Question

Match the column:

• A. A: a → p, b → r, c → q, d → q, r
• B. B: a → p, b → r, c → q, d → p, q
• C. C: a → p, b → r, c → q, d → p
• D. D: a → r, b → p, c → q, d → p, r

Answer 1

Answer: (A)

A: a → p, b → r, c → q, d → q, r

Answer 2

The problem asks us to match the given conditions related to magnetic properties with the type of magnetic materials.

Let's analyze each condition:

Understanding the terms:

• x (or χ): Represents magnetic susceptibility. It's a dimensionless quantity that describes how much a material will become magnetized in an applied magnetic field.
• μ: Represents magnetic permeability of the material. It's a measure of the ability of a material to support the formation of a magnetic field within itself.
• μ₀: Represents the permeability of free space (vacuum). Its value is $4\pi \times 10^{-7} \text{ T}\cdot\text{m/A}$.
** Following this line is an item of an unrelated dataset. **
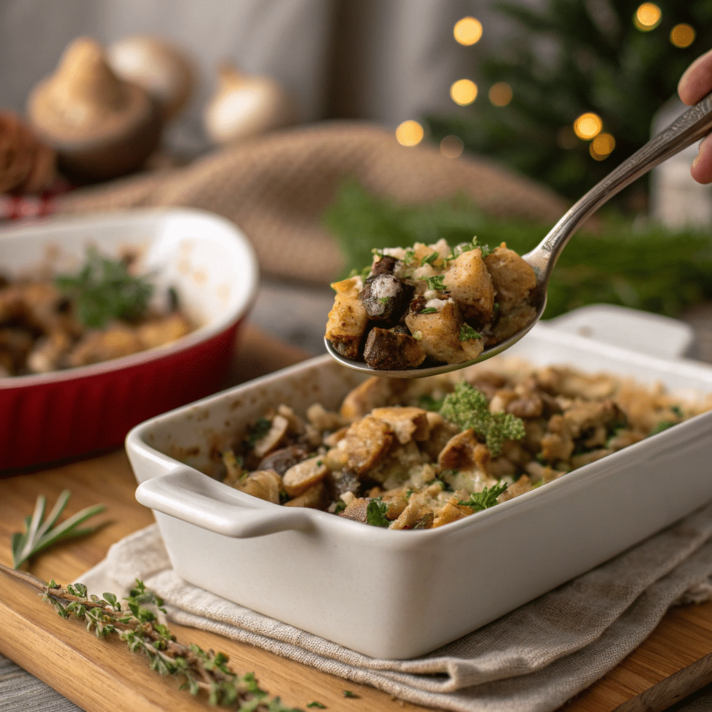 Use a mix of wild mushrooms for depth of flavor. Toast bread cubes to prevent soggy stuffing. Don’t oversaturate with broth—aim for moist but firm. Bake uncovered for a crisp, golden crust.
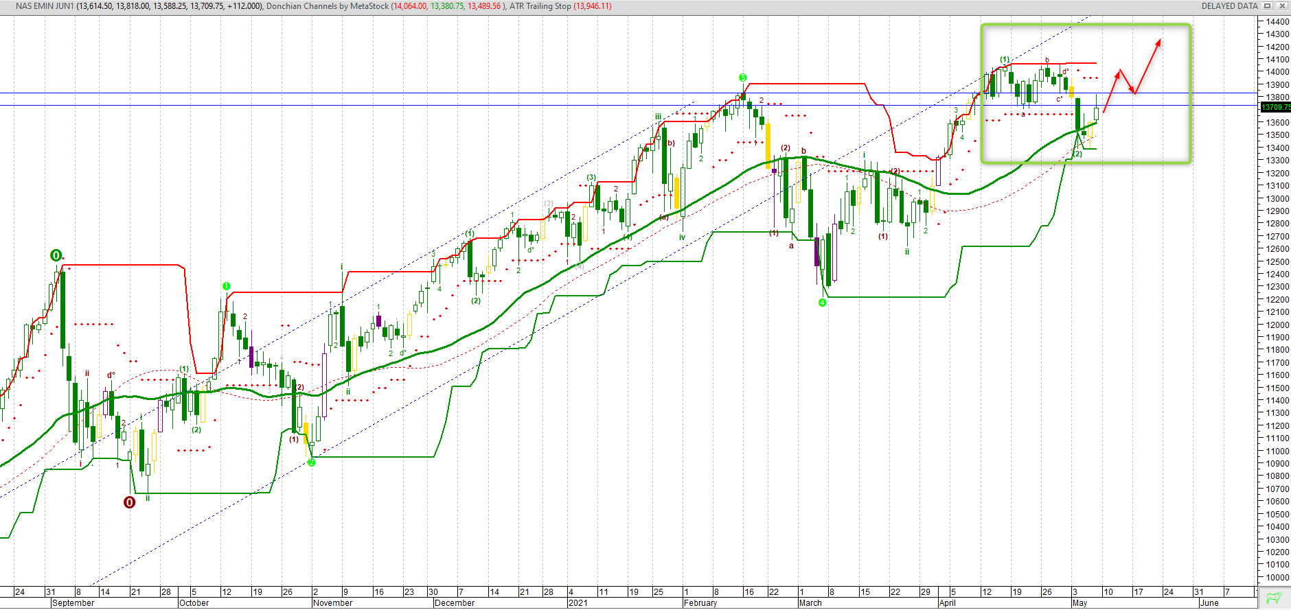 Continua il recupero del Nasdaq100 Future che, dopo aver attaccato positivamente quota 13,500, consolida sopra e punta a quota 14.000, dove incrocia un livello di resistenza tecnica. Tuttavia, nulla cambia comunque per la struttura tecnica che, come riportato nel report precedente, non si modifica la fasatura dei sistemi operativi che è letto in chiave ribassista, incoraggiando di fatto un’operatività allineata sul lato corto, nelle fasi di allungo del mercato. Unica considerazione positiva al momento è che la media a 34 giorni, che incrocia a 13,520 è stata recuperata. Un ritorno sotto questo livello porterebbe a ulteriori perdite per target a 13,315. Guardando invece in avanti, area 14,000-14,080, come su detto, assume un ruolo importante ai fini dell’inversione di polarità del mercato.

The relationship between magnetic permeability (μ) and magnetic susceptibility (χ) is given by: $\mu = \mu_0 (1 + \chi)$

Now, let's match the columns:

Column A Analysis:

• (a) -1 ≤ x < 0:

  • For diamagnetic materials, the magnetic susceptibility (χ) is small and negative. This range perfectly describes diamagnetic behavior.
  • Therefore, (a) → (p) Diamagnetic.

• (b) 0 < x < 1:

  • For paramagnetic materials, the magnetic susceptibility (χ) is small and positive. This range indicates paramagnetic behavior.
  • Therefore, (b) → (r) Paramagnetic.

• (c) x >> 1:

  • For ferromagnetic materials, the magnetic susceptibility (χ) is very large and positive (typically in the range of hundreds to hundreds of thousands). This condition signifies ferromagnetic behavior.
  • Therefore, (c) → (q) Ferromagnetic.

• (d) μ > μ₀:

  • Using the relationship $\mu = \mu_0 (1 + \chi)$: If $\mu > \mu_0$, then $\mu_0 (1 + \chi) > \mu_0$. Dividing by $\mu_0$ (which is positive), we get $1 + \chi > 1$. This simplifies to $\chi > 0$.
  • Materials with positive susceptibility (χ > 0) include both paramagnetic materials (where χ is small and positive) and ferromagnetic materials (where χ is very large and positive).
  • Therefore, (d) → (q) Ferromagnetic, (r) Paramagnetic.

Summary of Matches:

• (a) → (p)
• (b) → (r)
• (c) → (q)
• (d) → (q), (r)

Comparing this with the given options, Option A matches our derived solution.